*Task prompt:* Give again, word for word, every line in the entries below from the line with "Under the closed-loop" up to and including the line with "Culture -- Powwows;", and no other line.

*Data provided:*
──────────────────────────────

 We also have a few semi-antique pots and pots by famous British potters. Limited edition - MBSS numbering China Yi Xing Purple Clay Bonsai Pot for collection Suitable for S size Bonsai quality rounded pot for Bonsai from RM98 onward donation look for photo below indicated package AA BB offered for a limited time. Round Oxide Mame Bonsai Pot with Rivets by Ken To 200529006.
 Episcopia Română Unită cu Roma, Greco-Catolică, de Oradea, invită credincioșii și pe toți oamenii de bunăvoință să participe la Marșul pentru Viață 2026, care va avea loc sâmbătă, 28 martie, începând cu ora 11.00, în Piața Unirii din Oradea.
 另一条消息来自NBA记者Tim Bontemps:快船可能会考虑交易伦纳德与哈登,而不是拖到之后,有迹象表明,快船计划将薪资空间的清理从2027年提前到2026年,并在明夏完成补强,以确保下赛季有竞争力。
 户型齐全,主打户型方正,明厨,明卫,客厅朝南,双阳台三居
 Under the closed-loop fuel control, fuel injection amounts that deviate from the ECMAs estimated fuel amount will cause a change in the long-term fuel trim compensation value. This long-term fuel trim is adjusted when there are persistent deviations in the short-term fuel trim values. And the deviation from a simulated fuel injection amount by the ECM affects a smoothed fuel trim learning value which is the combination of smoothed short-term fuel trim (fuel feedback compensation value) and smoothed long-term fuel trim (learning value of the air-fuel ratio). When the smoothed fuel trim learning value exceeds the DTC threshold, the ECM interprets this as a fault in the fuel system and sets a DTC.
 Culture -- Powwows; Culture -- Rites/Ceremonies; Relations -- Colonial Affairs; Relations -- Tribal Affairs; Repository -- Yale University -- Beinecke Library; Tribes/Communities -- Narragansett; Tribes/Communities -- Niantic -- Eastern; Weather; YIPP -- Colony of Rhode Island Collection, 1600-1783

──────────────────────────────

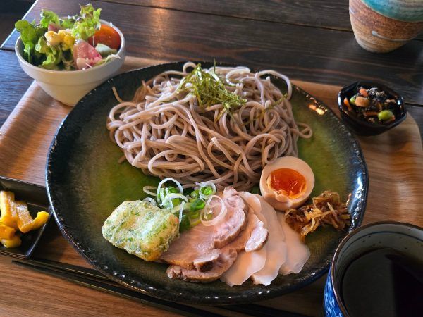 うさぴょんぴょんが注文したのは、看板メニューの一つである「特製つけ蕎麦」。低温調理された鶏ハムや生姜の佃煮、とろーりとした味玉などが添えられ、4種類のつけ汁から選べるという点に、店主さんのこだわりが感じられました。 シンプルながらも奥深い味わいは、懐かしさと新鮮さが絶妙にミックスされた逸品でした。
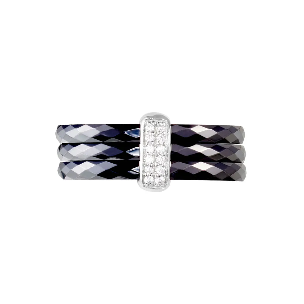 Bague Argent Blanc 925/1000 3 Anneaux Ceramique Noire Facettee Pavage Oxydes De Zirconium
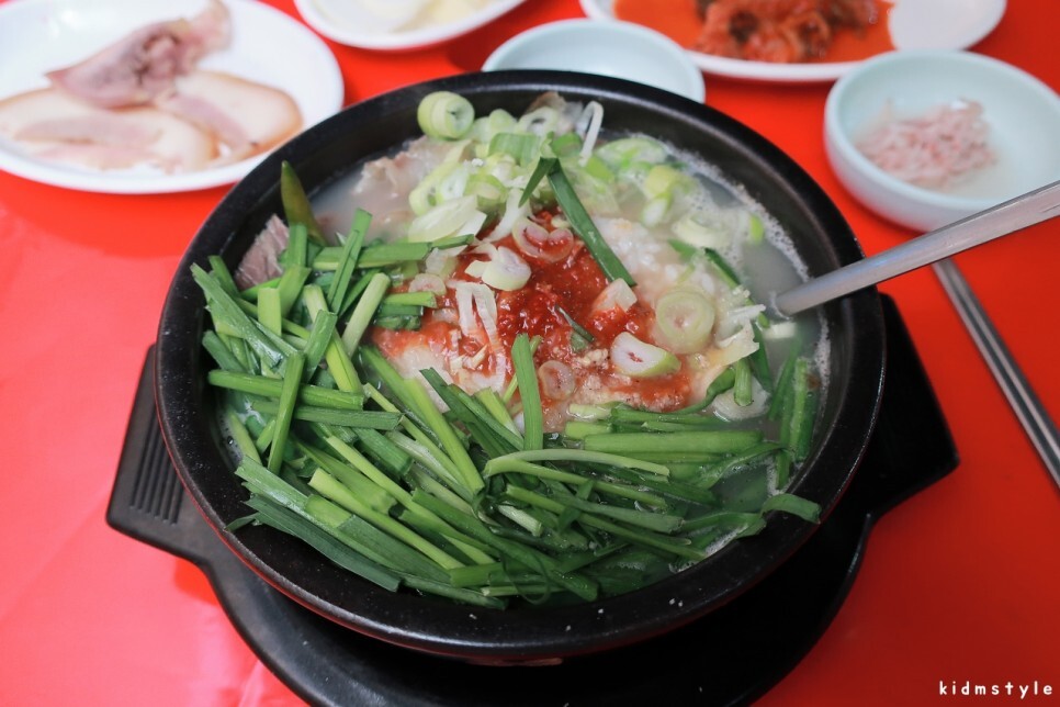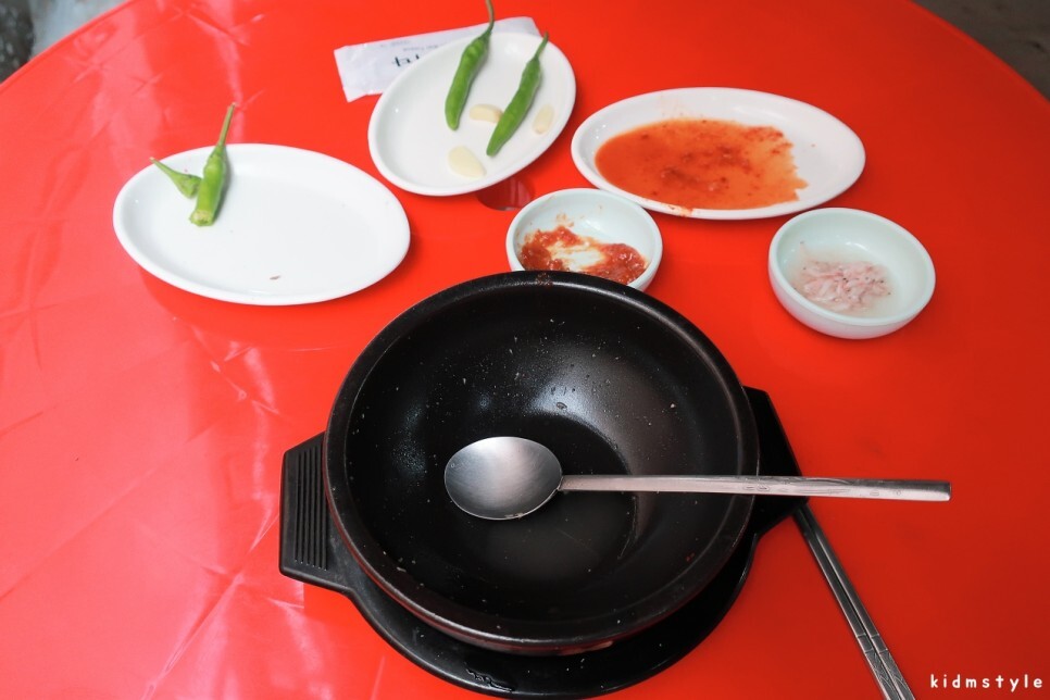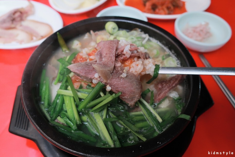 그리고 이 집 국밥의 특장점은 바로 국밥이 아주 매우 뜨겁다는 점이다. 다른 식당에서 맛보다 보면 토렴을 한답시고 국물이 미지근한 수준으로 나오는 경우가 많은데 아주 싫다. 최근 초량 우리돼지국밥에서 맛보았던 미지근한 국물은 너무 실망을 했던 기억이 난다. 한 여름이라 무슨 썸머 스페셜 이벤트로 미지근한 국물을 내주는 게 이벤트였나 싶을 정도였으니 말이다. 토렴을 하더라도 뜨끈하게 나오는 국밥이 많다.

──────────────────────────────

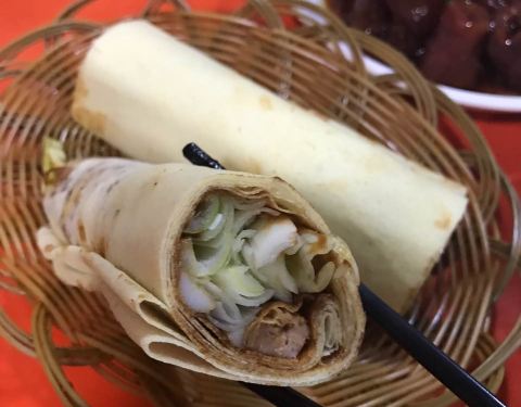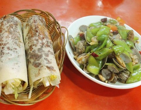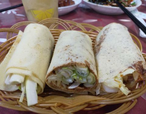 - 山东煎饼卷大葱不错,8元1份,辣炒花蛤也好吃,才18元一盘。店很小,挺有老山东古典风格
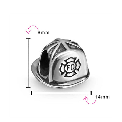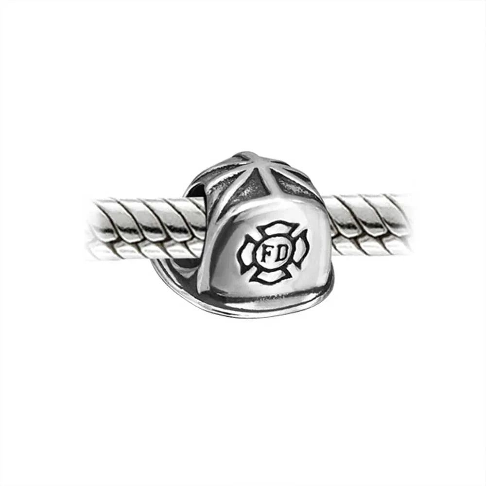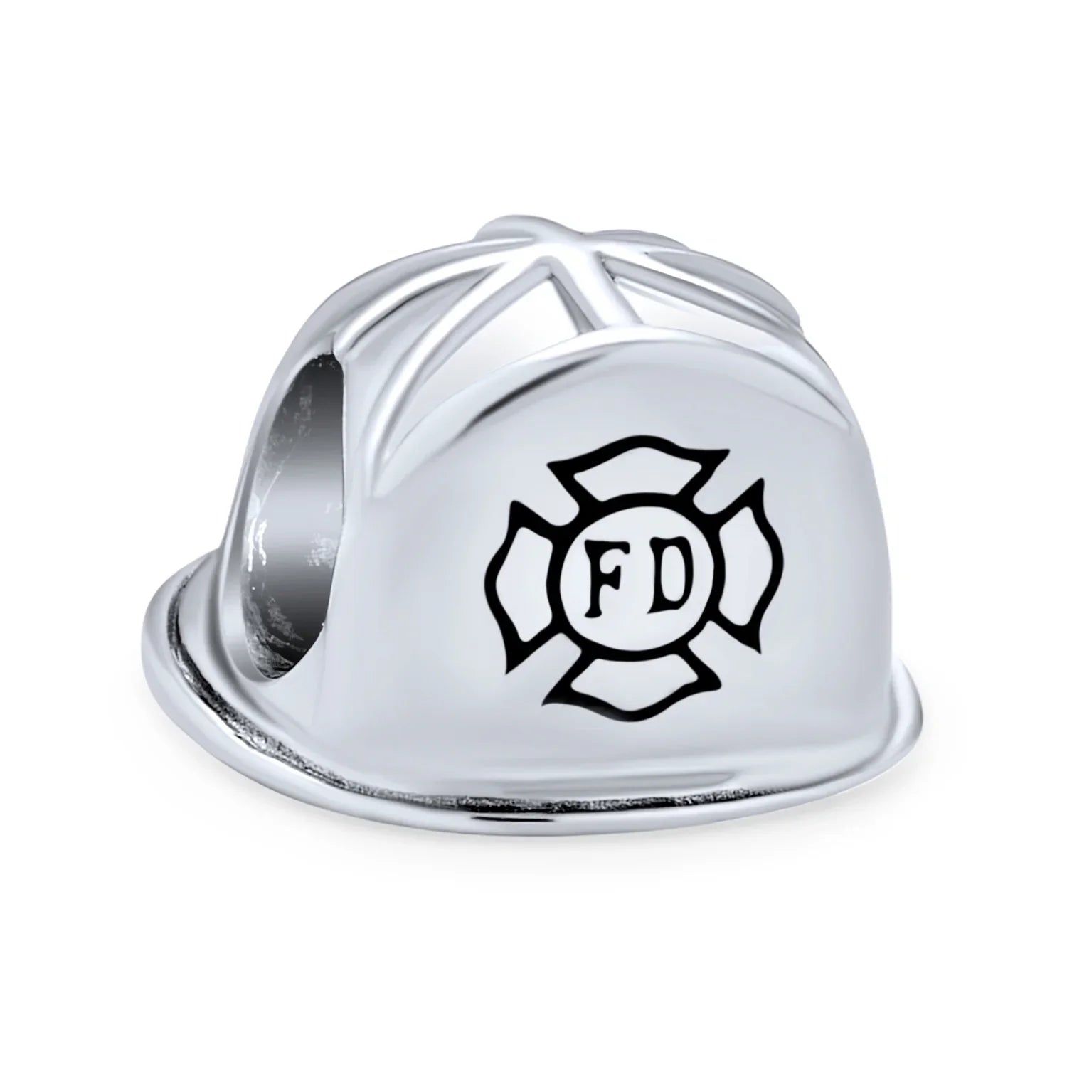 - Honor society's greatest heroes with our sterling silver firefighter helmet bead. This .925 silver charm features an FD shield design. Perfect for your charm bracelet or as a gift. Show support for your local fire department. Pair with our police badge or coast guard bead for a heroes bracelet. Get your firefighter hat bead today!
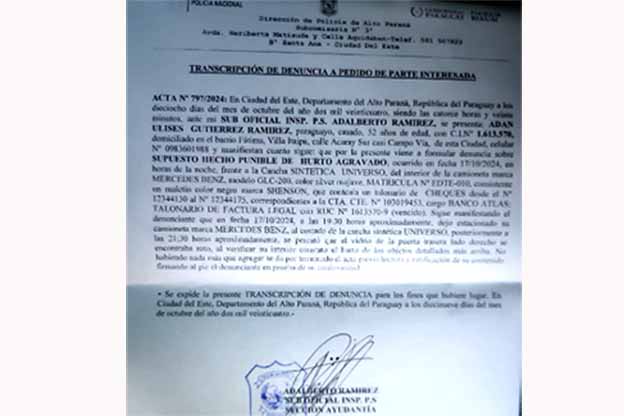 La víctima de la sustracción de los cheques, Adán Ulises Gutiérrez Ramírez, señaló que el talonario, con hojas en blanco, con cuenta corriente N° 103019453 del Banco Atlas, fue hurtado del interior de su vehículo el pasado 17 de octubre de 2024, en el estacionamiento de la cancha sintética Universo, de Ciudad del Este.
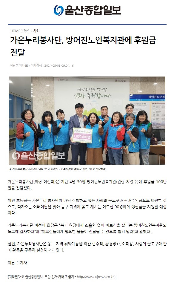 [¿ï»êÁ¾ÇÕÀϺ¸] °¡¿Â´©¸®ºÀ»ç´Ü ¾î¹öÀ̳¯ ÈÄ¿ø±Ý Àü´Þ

──────────────────────────────

*Answer for the task:*
 Under the closed-loop fuel control, fuel injection amounts that deviate from the ECMAs estimated fuel amount will cause a change in the long-term fuel trim compensation value. This long-term fuel trim is adjusted when there are persistent deviations in the short-term fuel trim values. And the deviation from a simulated fuel injection amount by the ECM affects a smoothed fuel trim learning value which is the combination of smoothed short-term fuel trim (fuel feedback compensation value) and smoothed long-term fuel trim (learning value of the air-fuel ratio). When the smoothed fuel trim learning value exceeds the DTC threshold, the ECM interprets this as a fault in the fuel system and sets a DTC.
 Culture -- Powwows; Culture -- Rites/Ceremonies; Relations -- Colonial Affairs; Relations -- Tribal Affairs; Repository -- Yale University -- Beinecke Library; Tribes/Communities -- Narragansett; Tribes/Communities -- Niantic -- Eastern; Weather; YIPP -- Colony of Rhode Island Collection, 1600-1783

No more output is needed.